They (of course) (only) come in stylish matte black, and have the little red trackpoint, which I personally consider the best input device by far (not counting the keyboard obviously)...

If you decide for a professional Thinkpad (which the X1 is), strongly consider upgrading the warranty.

On-site support with coverage for accidental damages is so nice when you need it....

My 4th gen (the current is 6th gen) machine (which is technically a yoga gen1 and not a 4th gen Carbon, but the same base machine) has been running Linux since it's second power-on :)

thanks for the advice! I like these Thinkpads, they seem what I was looking for
Agree. My sixth gen happily runs fedora daily.
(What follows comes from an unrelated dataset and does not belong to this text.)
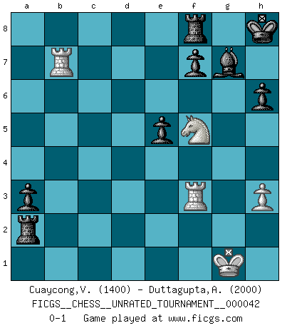 Last move : 0-1 2015 July 27 14:21:23 [Event "FICGS__CHESS__UNRATED_TOURNAMENT__000042"] [Site "FICGS"] [Date "2015.06.22"] [Round "1"] [White "Cuaycong,Virgilio"] [Black "Duttagupta,Aniruddha"] [Result "0-1"] [WhiteElo "1400"] [BlackElo "2000"] 1.e4 c5 2.Nf3 d6 3.d4 cxd4 4.Nxd4 Nf6 5.Nc3 a6 6.Bg5 e6 7.f4 Qb6 8.Qd2 Qxb2 9.Rb1 Qa3 10.e5 h6 11.Bh4 dxe5 12.fxe5 g5 13.exf6 gxh4 14.Be2 Qa5 15.O-O Nd7 16.Kh1 Qg5 17.Qd3 Nxf6 18.Bf3 Bg7 19.Bxb7 Bxb7 20.Rxb7 O-O 21.Nc6 Qc5 22.Ne7+ Kh8 23.Ne4 Nxe4 24.Qxe4 Rab8 25.Rd7 h3 26.gxh3 Rbd8 27.Rb7 Bf6 28.Nc6 Rd2 29.Qf3 Bg7 30.Ne7 Qxc2 31.Qf4 Rg2 32.Rb4 a5 33.Rb5 Qe2 34.R5b1 e5 35.Qf3 Rxh2+ 36.Kg1 Qxf3 37.Rxf3 Rxa2 38.Nf5 a4 39.Rb7 a3 0-1 Sicilian : Najdorf, 7...Qb6 Kingside Castling by player White (move 15) Kingside Castling by player Black (move 20) Player Black won this chess game. Follow this game move after move (download)Tactics flow from a superior position. (Bobby Fischer) Schach ist gnadenlos. Du mußt bereit sein zu töten. (Nigel Short) Después de la respuesta de las negras a 1.e4 con 1..e5, se quedan siempre tratando de entrar dentro del juego. (Howard Staunton) Dans le domaine de la peinture, de la gravure et de la sculpture, dès la première décennie de notre siècle, les artistes abandonnent la représentation de la partie d'échecs pour se concentrer sur les pièces, sur les échiquiers et sur toutes les variations auxquelles les unes et les autres peuvent donner lieu. On passe en quelque sorte d'un thème social à un thème musical (au sens de la musica médiévale, c'est-à-dire d'une notion qui inclue le rythme, l'harmonie, la construction et la déconstruction, etc.). Graphiquement et picturalement, l'échiquier apparaît comme une structure ouverte, dynamique, d'une richesse infinie, autorisant toutes les combinatoires et débouchant sur des mouvements et des rythmes de nature exponentielle. (Michel Pastoureau) The absolute truth is the thing that makes people laugh. (Carl Reiner)

I have had it for about a year, no complaints.
I wish I could agree, but my X1C6 has many issues on Debian.

* Hibernate did not work out-of-the-box

* Lack of fractional scaling makes everything too small or ludicrously big (100% or 200%)

* X server crashes often on suspend

* Audio is too quiet on maximum volume

* Occasionally CPU performance tanks, and I have to reboot

* Track-pad is unresponsive compared to a MacBook (if you have not used a MacBook often before you may not notice this, and it won't be an issue)
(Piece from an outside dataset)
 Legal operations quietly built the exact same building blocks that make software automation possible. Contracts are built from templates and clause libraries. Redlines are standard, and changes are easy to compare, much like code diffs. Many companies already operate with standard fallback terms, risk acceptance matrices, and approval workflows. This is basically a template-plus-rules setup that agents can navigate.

* Battery life is a pretty middling 5 hours.

I think I can suggest the following to address some of these issues

- Battery: A package called TLP should drastically improve battery life[1][2]. Thinkpad t480s with battery life ranging from 6-8 for browsing to 13+ with min-brightness and just playing music. Before TLP I think it was close to 5 max.

- I'm assuming since X is crashing you're not using Wayland. I've noticed fractional scaling (which is a thing in Wayland) causes blurry text. This isn't an issue in X, but I've noticed if I mess around with custom xrandr config to customize stuff, I have issues -- i.e. total system lockup, reboot required -- with plugging in/out external monitors on to the fly. Anyway, a custom xrandr setup should make things a bit easier on your eyes.[3]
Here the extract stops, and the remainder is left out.